*Task details*.
Repeat only the lines from the one containing "Roadsmith Trikes2023 Purchase" to the final line below, exactly as they read, and leave every picture out.

*Dataset extract*.
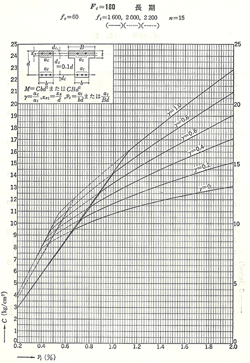【図20】手計算時代に多用された計算用図表例(図は鉄筋量算出表:日本建築学会)
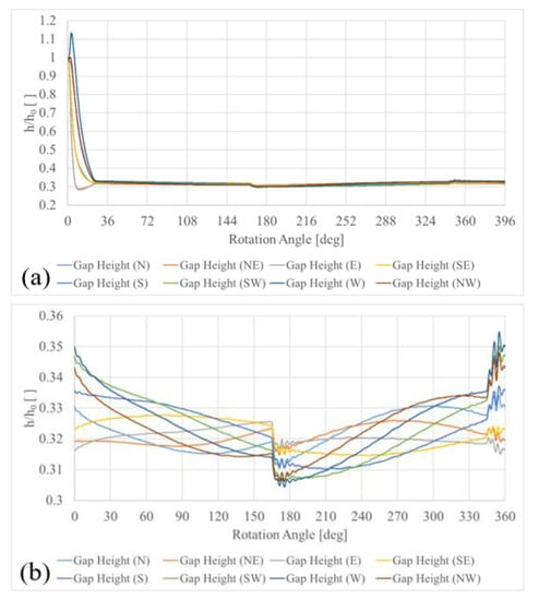 In Figure 9, eight different colors are used to outline the distance of each probe from the fixed swash-plate surface over a complete shaft revolution, therefore providing an effective description of the instantaneous slipper tilting under actual pump operations. The variation in the normalized clearance height during the first cycle of the pump is shown in Figure 9a. Starting from the nominal distance h0, the slipper progressively moved towards the swash plate after reaching a dynamic equilibrium after a 25-degree initial transient. In Figure 9b, the same plot outlines the evolution of the slipper–swash plate distance over the second revolution of the driving shaft.
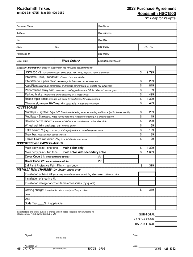 Roadsmith Trikes2023 Purchase Agreement Roadsmith HSC1500tel:8003310705 fax: 6514263952\"V\" Body for Valkyrie Customer Name:Ship Name:Address:Ship Address:City:Ship City:State:Ship State:Zip:Ship
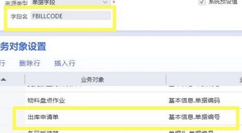 【解决方案】需要在标准的单据编号条码属性下面维护出库申请单对应单据编号字段才行,不能在新增的单据编号条码属性下维护出库申请单。

*Reply to the exercise*.
 Roadsmith Trikes2023 Purchase Agreement Roadsmith HSC1500tel:8003310705 fax: 6514263952\"V\" Body for Valkyrie Customer Name:Ship Name:Address:Ship Address:City:Ship City:State:Ship State:Zip:Ship
 【解决方案】需要在标准的单据编号条码属性下面维护出库申请单对应单据编号字段才行,不能在新增的单据编号条码属性下维护出库申请单。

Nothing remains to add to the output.